Pacing Myself

July 8, 2010 § Leave a comment

I hope no one gets annoyed that I probably blog more about running than I do writing, but I guess I do spend more time running and I feel much more successful at it.  Today we did “marathon pace” repeats.  All of these terms are new to me.  This is the pace we hope to run in the marathon.  I ran faster than I probably should have, but I pretty much kept a 9:30 pace for four one-mile repeats.  Despite my very bouncy water belt (and the bottles that pop off) and my crappy shoes that Marathon Sports sold me, I felt good.  I know I could never train like this on my own.

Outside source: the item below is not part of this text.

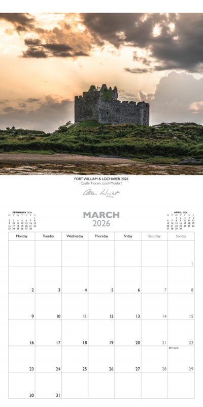 Featuring spectacular photography by Allan Wright, our range of 2026 calendars lets you bring Scotland in all its beauty into your home for the whole year. Our Lyrical Scotland range are 24 page wall calendars, offering a full page for the image and a full page for date boxes below. This range are supplied in plastic free envelopes suitable for posting, which can be opened to enclose a card or message and then resealed before sending. Our 2026 selection of images for Fort William and Lochaber are: Glenfinnan Monument, NTS; Caledonian Canal, Loch Lochy; Castle Tioram, Loch Moidart; Glencoe Lochan; Glen Etive, Loch Etive; the Jacobite, Glenfinnan Viaduct; Small Isles from Arisaig; Mallaig; Glen Nevis; Inverlochy Castle; Polnish, Lochailort; Buachaille Etive Mor. Calendar dimensions are 24cm x 24cm (48cm x 24cm when opened). |
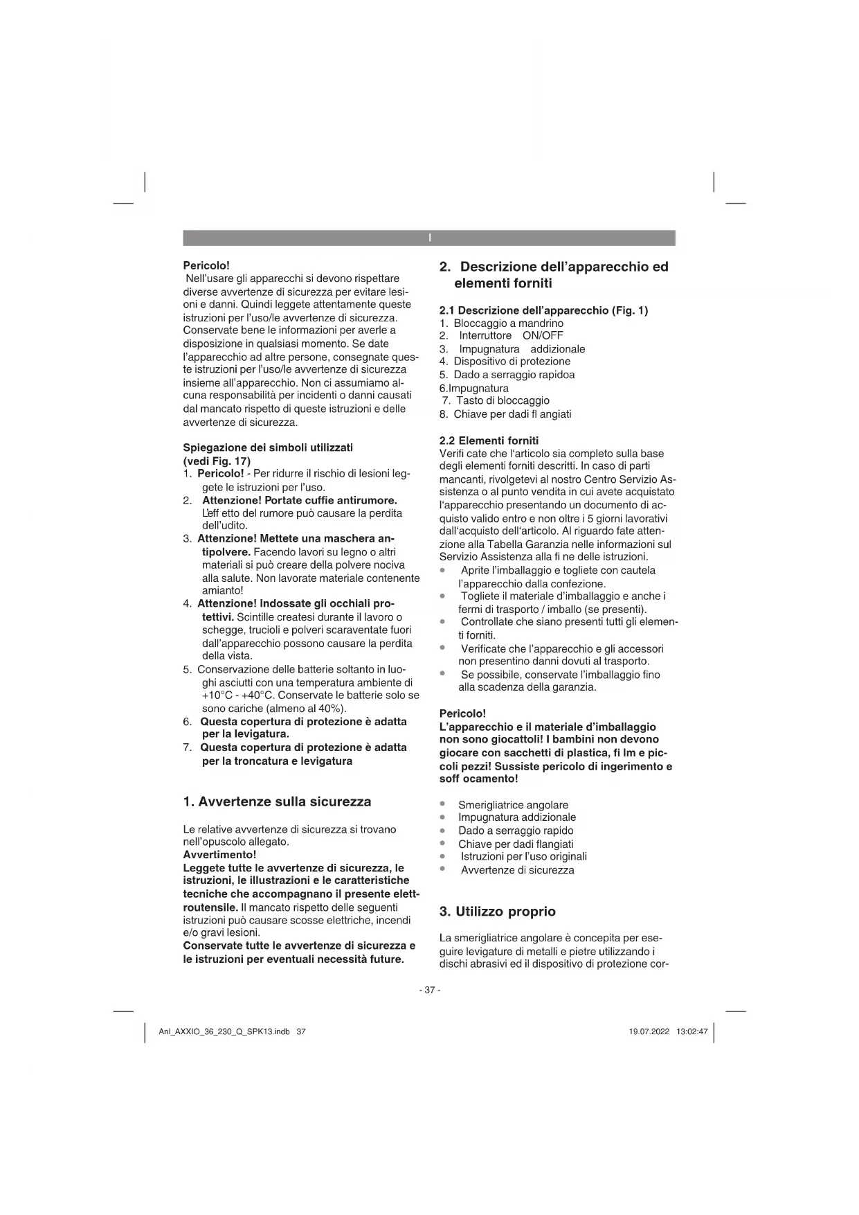 La smerigliatrice angolare è concepita per ese- guire levigature di metalli e pietre utilizzando i dischi abrasivi ed il dispositivo di protezione cor- Anl_AXXIO_36_230_Q_SPK13.indb 37Anl_AXXIO_36_230_Q_SPK13.indb 37 19.07.2022 13:02:4719.07.2022 13:02:47I

I just said goodnight to Ben.  He’s an hour ahead of me, and I have found myself adding an hour onto the clock because I’m used to doing that if I give him a call.  On Monday, my day off, I slept in and woke up periodically.  Finally, I decided to roll out of bed at 11:00am (don’t judge) because I thought it was noon.  I was looking at the numbers: 11, but seeing 12.  That was strange.  I’ve never had a long distance relationship before, or at least not for this long.  There are certain benefits, but lately I have a hard time thinking of some.  It really sucks to be far apart, especially when there are misunderstandings.  Those times I just want to be there, but for now the phone will have to do, and the visits every month or so.  I’d like to think that distance makes the heart grow fonder and maybe it does in some ways, but I really think closeness is vital to a relationship.  I’m scheming up a plan to spend a good chunk of time with him.  I’ll keep you posted.

No deep, profound thoughts today.  Tomorrow I promise to write about something amazing!